Mentre la sinistra rosa chemical fa strage di cuori gender fluid a Sanremo, la destra Harkonnen conquista Arrakis senza spargimenti di sangue.
Nonostante la più bassa affluenza elettorale di sempre, Meloni&co. riescono nell’impresa di far rivincere l’impresentabile Fontana e strappano il Lazio ai Ferragnez. O era il PD?
Qualcosa nella comunicazione social della sinistra non funziona.
A Sanremo, tra pere tristi, capezzoli e slinguate, vince Mengoni, l’idolo delle mamme, e tra i primi cinque non c’è neppure una donna.
In politica stessa cosa: vince chi è orecchiabile e non ostenta.
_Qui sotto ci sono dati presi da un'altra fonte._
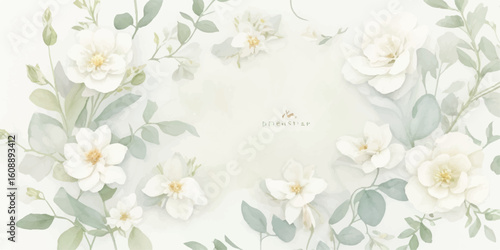 © Muhammad, Fototapeta premium Neutral Floral Watercolor Collection – Ivory Flowers with Butter Yellow Accents and Dusty Green Leaves in Transparent Clipart Set
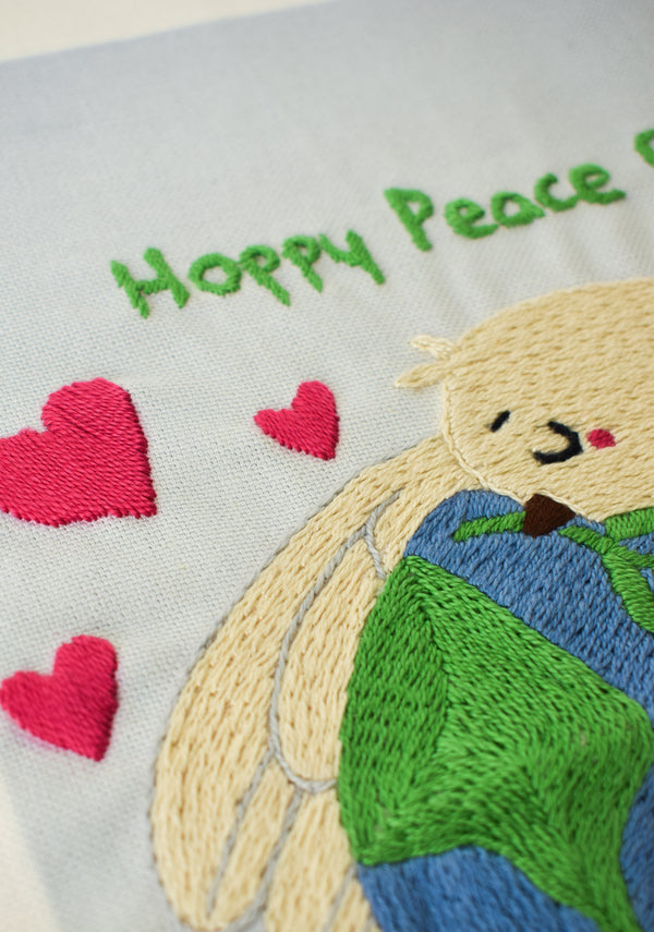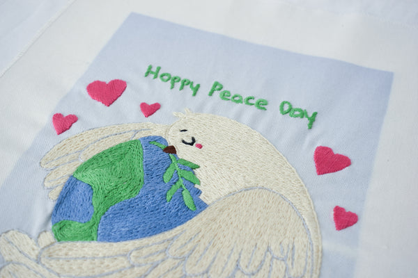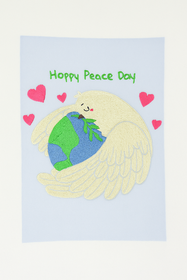 Hand-Embroidered “Happy Peace Day Dove” Art – Embracing the World with Love | Original & Fine Art Print Available

Le percentuali di voto parlano da sole: in Lombardia ha votato il 41,67% degli elettori, nel Lazio il 37,2%, record negativo di sempre. A Roma solo un elettore su 3 si è presentato alle urne. Ormai vanno a votare solo quelli a cui piace Giorgia (Meloni), gli altri stanno sul divano a gustarsi il twerk trash del clone cazzaro di Achille Lauro.
Secondo me, a parte i soliti Adinolfi e Pillon, gente che sullo stare in un altro secolo ha costruito una carriera politica, i destrorsi doc come La Russa e Crosetto si stanno fregando le mani.
Perchè lo dico? Perché se un Festival etichettato come “di sinistra”, è segnato dalla trasgressione di Fedez, dal monologo autoreferenzialissimo della moglie o dal twerkare trash di Rosa Chemical, allora vincono facile quegli altri.
Come bene ha scritto Tomaso Montanari, “schiacciare l’idea di sinistra su una versione ultra-libertaria e iper-individualistica dei diritti civili”, significa alimentare la vulgata comune che vuole “la sinistra attenta principalmente alle questioni di genere”. È questa una specie di deriva terribilmente identitaria e atomizzante che non veicola nulla di sociale, ma solo generici messaggi “libertarian”.
Saranno pure luoghi comuni quelli che vedono una sinistra attenta a quelli che si “fanno le canne”, santa protettrice dei rave, dei centri sociali, di Cospito e così via, ma “diggiamolo”, non è che vi sia un soggetto politico che badi al sociale almeno quanto al gender e che sia in grado di contrastarli.
“Dialettica dell’illuminismo” è un’opera di Max Horkheimer e Theodor Adorno. È composta da una serie di saggi attraverso i quali gli autori espongono una critica radicale della società e del pensiero occidentale.
Particolarmente interessante è il seguente passaggio contenuto nel quarto saggio, intitolato “L’industria culturale. Quando l’illuminismo diventa mistificazione di massa”:
“Così, anche nell’industria culturale, sopravvive la tendenza del liberalismo a lasciare via libera alle persone capaci che accettano i principi del sistema. Aprire la strada a questi virtuosi è ed è stata la funzione del mercato […] la cui celebrata libertà, […] si riduce in pratica, nell’arte, come in generale per tutti quelli che non sono abbastanza furbi, a quella di morire di fame”.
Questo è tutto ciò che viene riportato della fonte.